Account for the fact that carboxylic acids are more acidic compared to an alcohol.

Short Answer

Expert verified
Answer: Carboxylic acids are more acidic compared to alcohols because their conjugate bases (carboxylate ions) are more stable due to resonance stabilization. This stabilization allows the carboxylic acid to donate a proton more readily than an alcohol, resulting in a higher acidity.

Step by step solution

01

Understanding Acids and Bases

According to the Brønsted-Lowry theory, an acid is a substance that donates a proton (H+) to a base, and a base is a substance that accepts a proton. The stronger the acid, the more readily it donates a proton. Similarly, the more stable the conjugate base (the species formed after the acid donates its proton), the stronger the acid will be.
02

Analyzing Alcohol's Structure

Alcohol is an organic compound having a hydroxyl (OH) group bonded to a carbon atom. The general formula of alcohol is R-OH, where R represents an alkyl or substituted alkyl group. In the case of alcohol, the acidic proton is attached to the oxygen atom of the hydroxyl group.
03

Analyzing Carboxylic Acid's Structure

Carboxylic acid is an organic compound having a carbonyl (C=O) group and a hydroxyl group attached to the same carbon atom, generally represented as R-COOH. The acidic proton in carboxylic acids is attached to the oxygen atom of the hydroxyl group, just like in alcohols.
04

Comparing the Stability of Conjugate Bases

When alcohols and carboxylic acids lose a proton, they form their respective conjugate bases. Alcohols form alkoxide ions (R-O^{-}), while carboxylic acids form carboxylate ions (R-COO^{-}).

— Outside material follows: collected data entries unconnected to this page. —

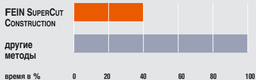
Затраты времени на удаление шовного материала

Даже самые лучшие материалы для уплотнения швов подвержены старению и подлежат замене, чтобы не произошло повреждений самого здания. Как правило, удаление старого уплотнения представляет собой трудоемкую ручную работу. FEIN SUPERCUT CONSTRUCTION с профессиональным комплектом для специалиста по санации уплотнительных швов значительно облегчает эту работу. Экономия рабочего времени достигает 60% по сравнению с работой ножовкой или ножом для ковровина. Можно вырезать любые эластичные уплотнительные материалы - внутри зданий, на фасаде или между бетонными плитами. Удаление поврежденного шва и зачистка кромок с приданием шероховатости перед новым заполнением швов производится одной и той же машинкой.
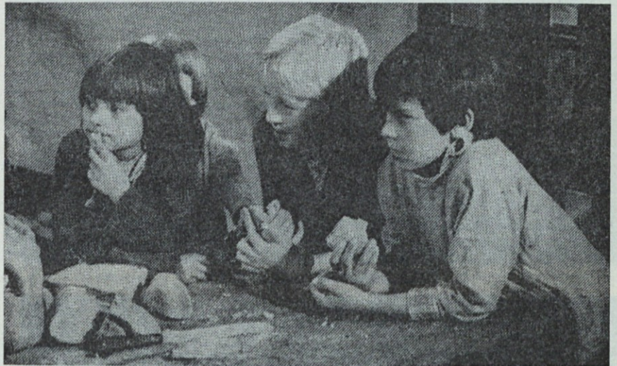
Zdrav otrok — naša sreča

Merlin Danica delegat zdravstvene skupnosti
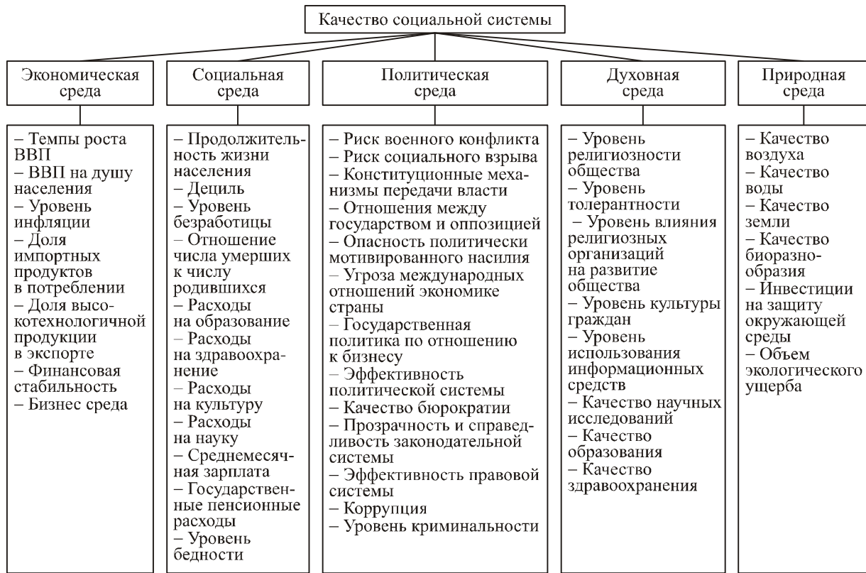
Рис. 1. Система показателей подсистемы социальной системы
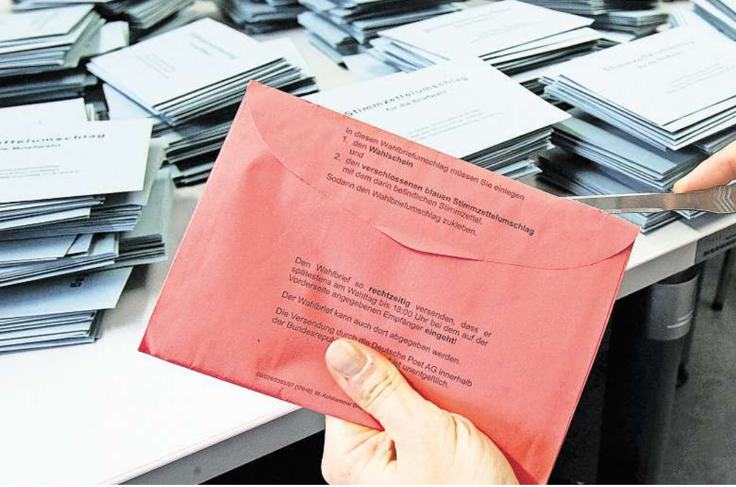
In Vorbereitung: Briefwahlunterlagen können bei Region und Stadt Hannover bereits angefordert werden. Verschickt werden die Unterlagen aber erst Anfang Februar – auch an den Urlaubsort.

Wie genau komme ich an die Briefwahlunterlagen? Wer Briefwahl beantragen will, dem raten Region und Stadt Hannover am besten zeitnah, die Unterlagen zu beantragen. Das können Wähler und Wählerinnen auf unterschiedliche Weise machen. Auf der Internetseite www.wahlhannover.de kann man sich den Antrag herunterladen, das gilt auch für die 20 Umlandkommunen. Der Antrag muss die vollständigen Daten wie Familien- und Vornamen, Geburtsdatum und Wohnanschrift mit Straße, Hausnummer, Postleitzahl und Wohnort enthalten. Wichtig: Eine Antragstellung per Telefon, SMS oder über andere Messengerdienste ist nicht möglich. Der Antrag muss spätestens am Freitag, 21. Februar, um 15 Uhr vorliegen.
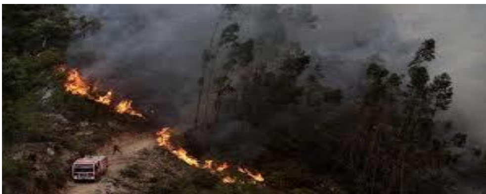
Slika 17. Paljenje predvatre [10]

Uz pomoć konfiguracije terena i vegetacijskim pokrovom odabire se područje u blizini požara koje ima prirodnu granicu, potok, prosjek, cestu i slično kao liniju obrane od širenja paljenja predvatre. Paljenje predvatre (slika 17.) vrši se paljenjem gorive mase u uskoj liniji u smjeru vjetra. Potom se pali druga i treća linija također u smjeru požara. Spajanjem kontravatre koja gori nasuprot smjeru širenja fronte požara i gorenja predvatre u smjeru širenja požara, stvara se prostor koji onemogućava širenje glavnog požara. [11]
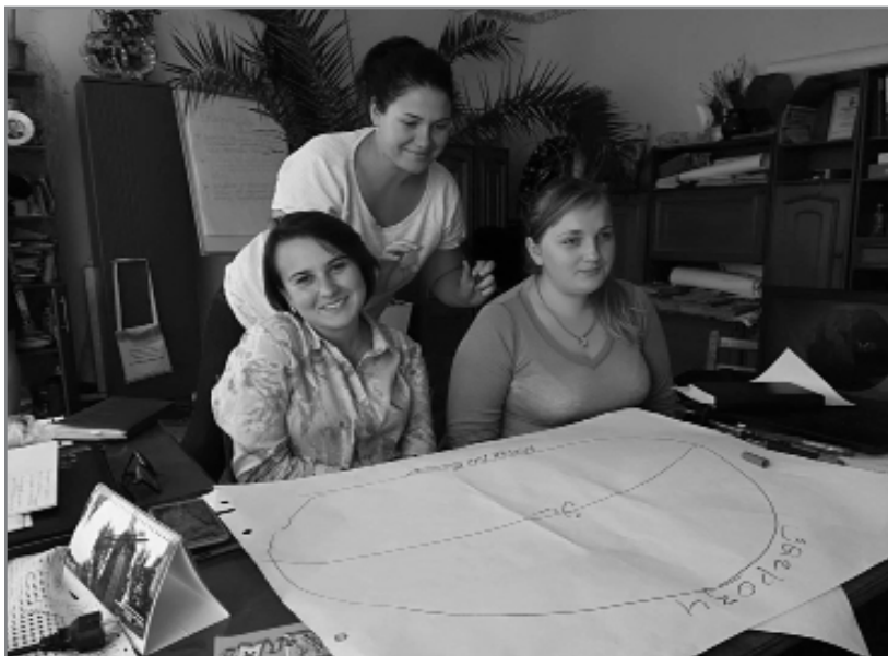
Проведення тренінгу в громаді

А ще за легкість і доступність інформації, за практичні завдання, які підкріплювали теорію і просто за те, що було дуже цікаво та весело навчатися!
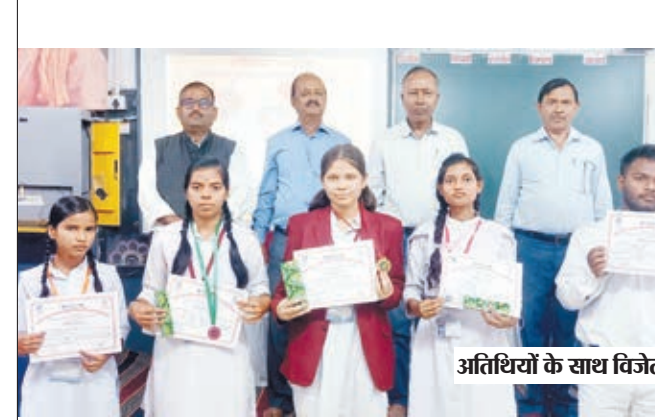
अतिथियों के साथ विजेता।

रोक लगाई जाए। गरीबी, बेरोजगारी और पलायन इस क्षेत्र की पूर्व से ही गम्भीर समस्या है। इसमें और इजाफा करने का काम न किया जाए।
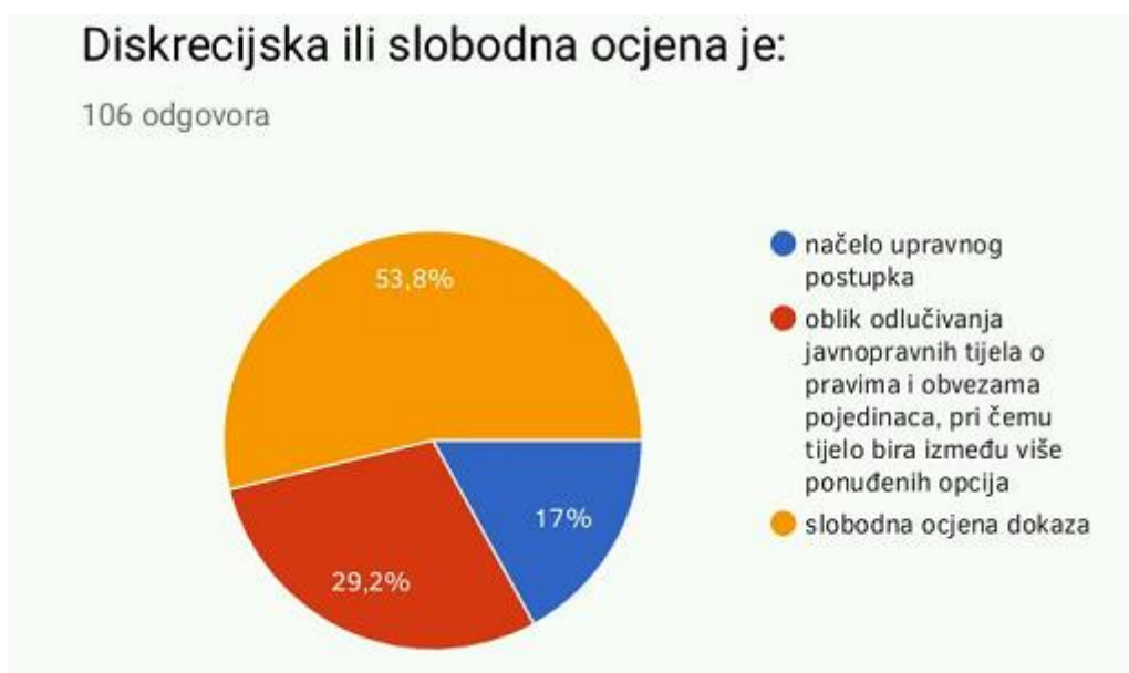
Slika 2. Definicija slobodne ocjene
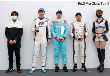
Rd.2 Pro Class Top 3
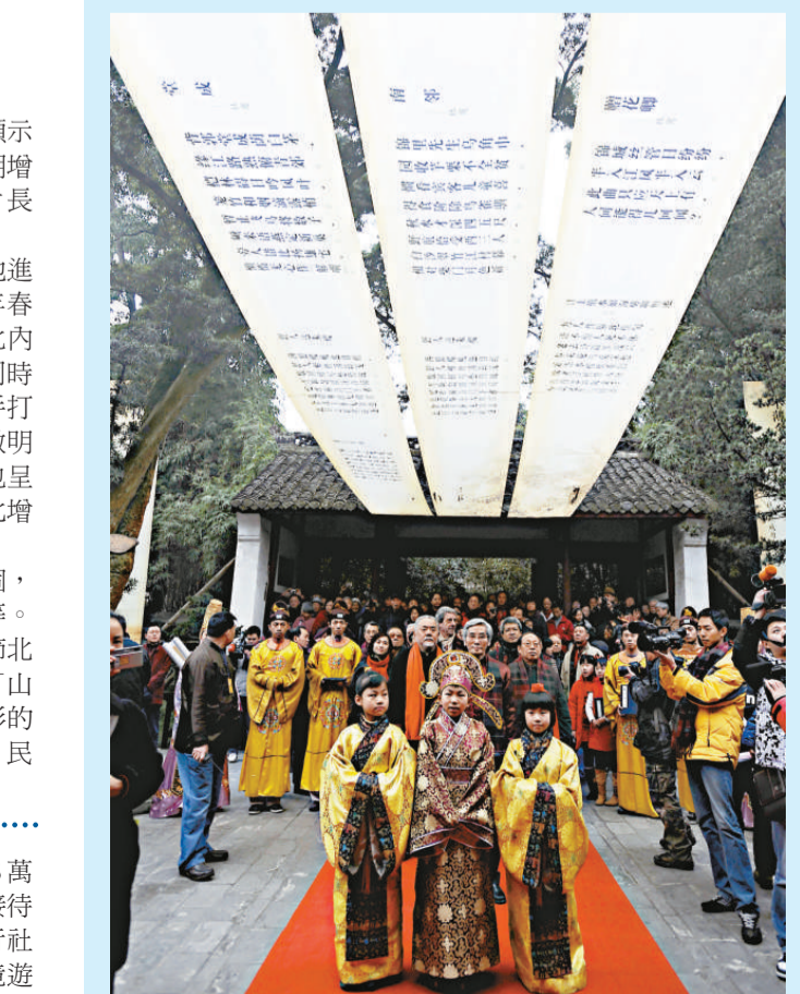
「人日」祭杜甫 20日，成都杜甫草堂舉行「人日」祭拜聖杜甫儀式。

【春節】期間，廈門市旅行社累計接待4200團5.5萬人次，增長1.1%，其中接待境外團170個3300人次，接待國內團4050個5.17萬人次，分別增長1.5%和1%；旅行社累計組團1200個1.6萬人次，增長3.2%，其中組織出境遊近4000人次，增長3%。節日期間，廈門出現導遊、旅遊用車、住房緊缺的情形。其中，2月16日、17日兩晚，廈門大部分的高星級旅遊飯店出現一房難求的情形；快捷酒店和鼓浪嶼家庭旅館更是連續幾天都爆滿。
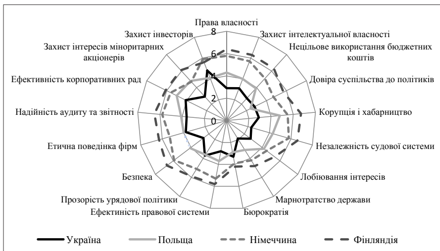
Рис. 2. Інституційні показники вибраних країн за 2016 р. [8]

Перевіримо наявність кореляційного зв'язку між рівнем суспільного добробуту та зведеним показником «якість інститутів». Для цього дослідимо динаміку суспільного добробуту на основі індексу А. Сена ( W_s , дол. США на особу) та динаміку показника «якість інститутів» за 2005–2016 рр., наведених у табл. 2.
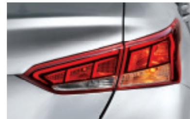
Задні комбіновані вогні
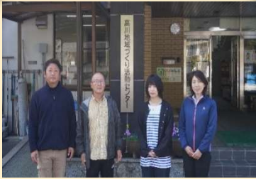
よろしくお願いします

令和5年度が始まり、高川公民館から高川地域づくり活動センターに移行され、行政相談窓口や各種手続等の機能が拡充となり、慌ただしく業務を行っております。手続きに戸惑うことも多く、また、夜間・休日のセンターの利用方法が大きく変わり、住民の皆さまにはご迷惑をおかけしております。 住民の皆さまが利用しやすく気軽に立ち寄れるセンターになるように取り組んで参りますので、引き続きご指導ご協力をお願いいたします。
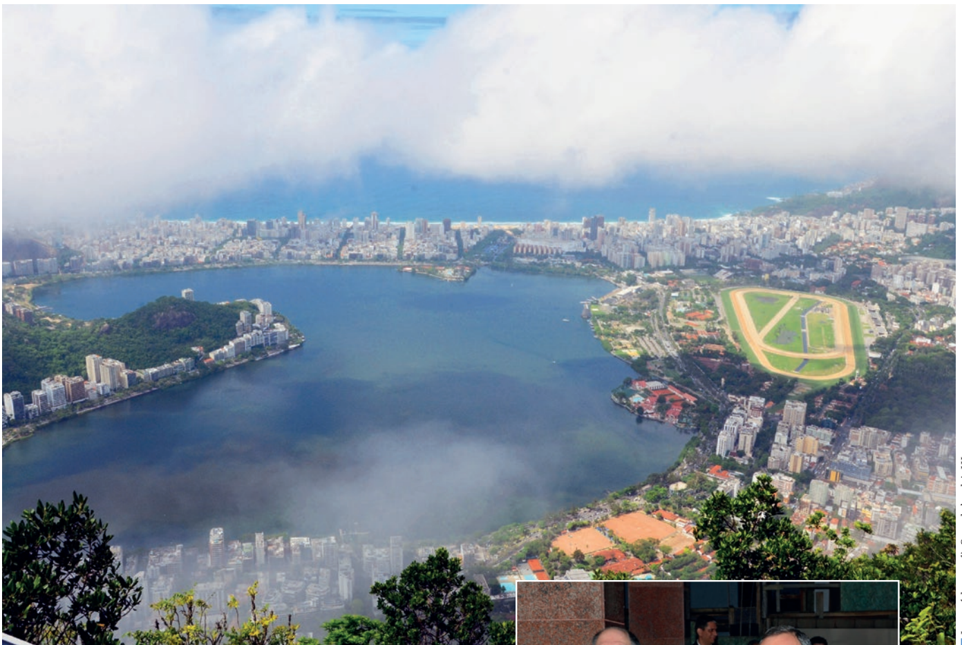
Լուսակարում՝ Բրազիլիայի ՆԱԵ

710 մ բարձրություն ունի այն լեռը, որի վրա Քրիստո Ռեդենթորը կանգնեցրել է Քրիստոսի արձանը և Ռիո դե Ժանեյրոյի վրա մի լավ հայացքի հնարավորություն ստեղծել: 2015-ի հոկտեմբերի 28-ի ժամերգությունը գլխավոր առաքյալ Շնայդերը տոնեց բրազիլական մեզապոլիսում:
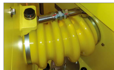
Articulação dupla com pontos de lubrificação de patente 'Pac-pivot'
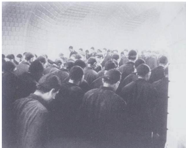
Αριστερά: «Μητρόπολη», Φριτς Λανγκ (1926)
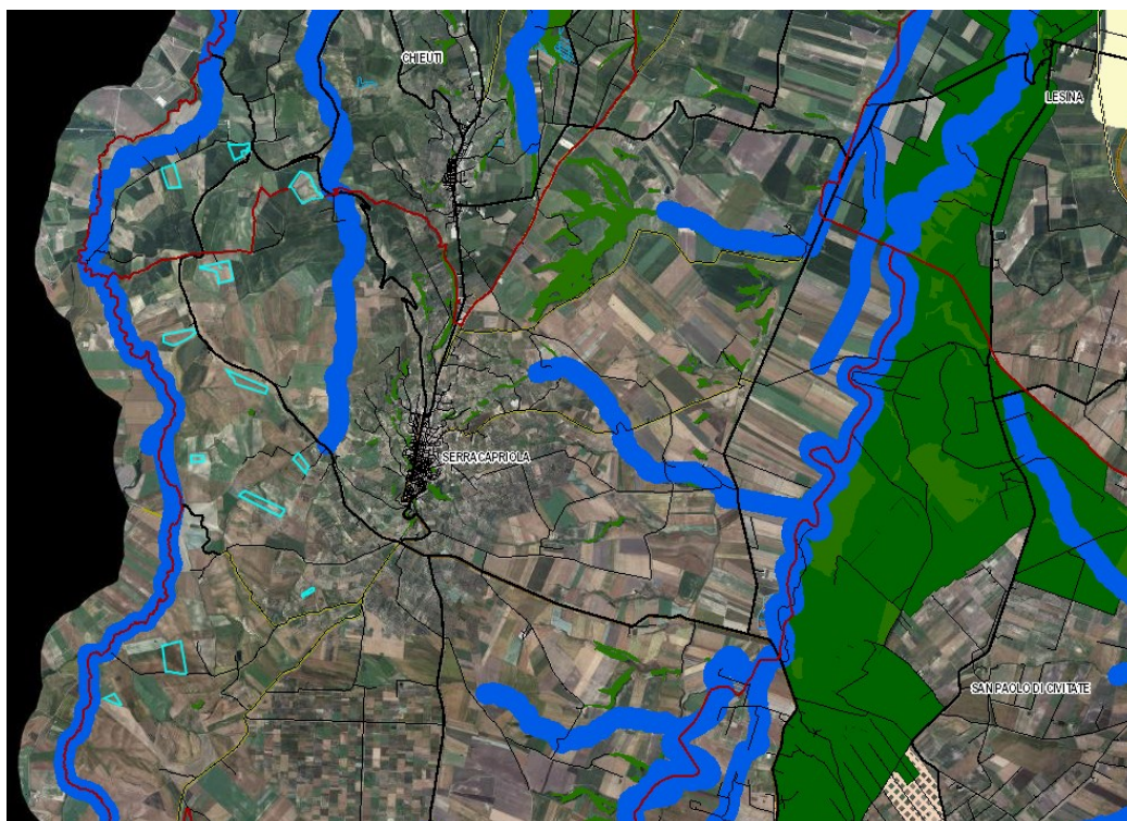
Figura 2: ubicazione catastale aerogeneratori e BP esistenti nell'area.
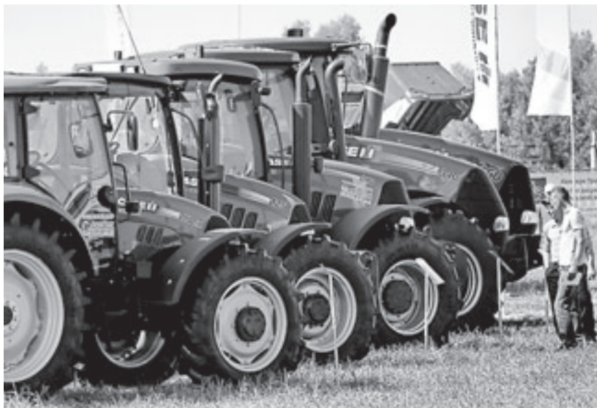
Как не растеряться при таном обилии техники!

– Наше государство в режиме санкций и контрсанкций не только и не столько применяет меры административные, сколько меры экономического стимулирования отрасли сельхозмашиностроения, – сказал губернатор. – Обратите внимание, как гибко работает федеральный центр! Мы тоже стараемся в этом русле следовать, и задача стоит так: чтобы наши сельхозмашиностроители вошли на рынок в режиме санкций-контрсанкций и остались там навсегда по ключевому основанию. Это конкурентоспособность, выражающаяся в оптимальном соотношении цены и качества.
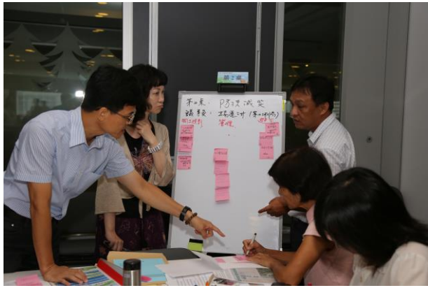
分組討論：桌員熱烈發表意見及討論桌員課題歸類方式(第2桌-防洪減災)

The stability of these conjugate bases plays a significant role in determining the acidity of the parent compound. Generally, the more stable the conjugate base, the more acidic the parent compound.
05

Resonance Stabilization of Carboxylate Ions

The carboxylate ion (R-COO^{-}) formed after a carboxylic acid loses a proton is resonance stabilized. Resonance stabilization means that the negative charge on the ion is delocalized between the two oxygen atoms through electron movement, which allows distribution and stabilization of the negative charge. In contrast, the negative charge on alkoxide ions (R-O^{-}) remains localized on the oxygen atom and does not have any resonance structures. This lack of charge delocalization makes alkoxide ions less stable compared to carboxylate ions.
06

Conclusion

Carboxylic acids are more acidic compared to alcohols because their conjugate bases (carboxylate ions) are more stable due to resonance stabilization. This stabilization allows the carboxylic acid to donate a proton more readily than an alcohol, resulting in a higher acidity.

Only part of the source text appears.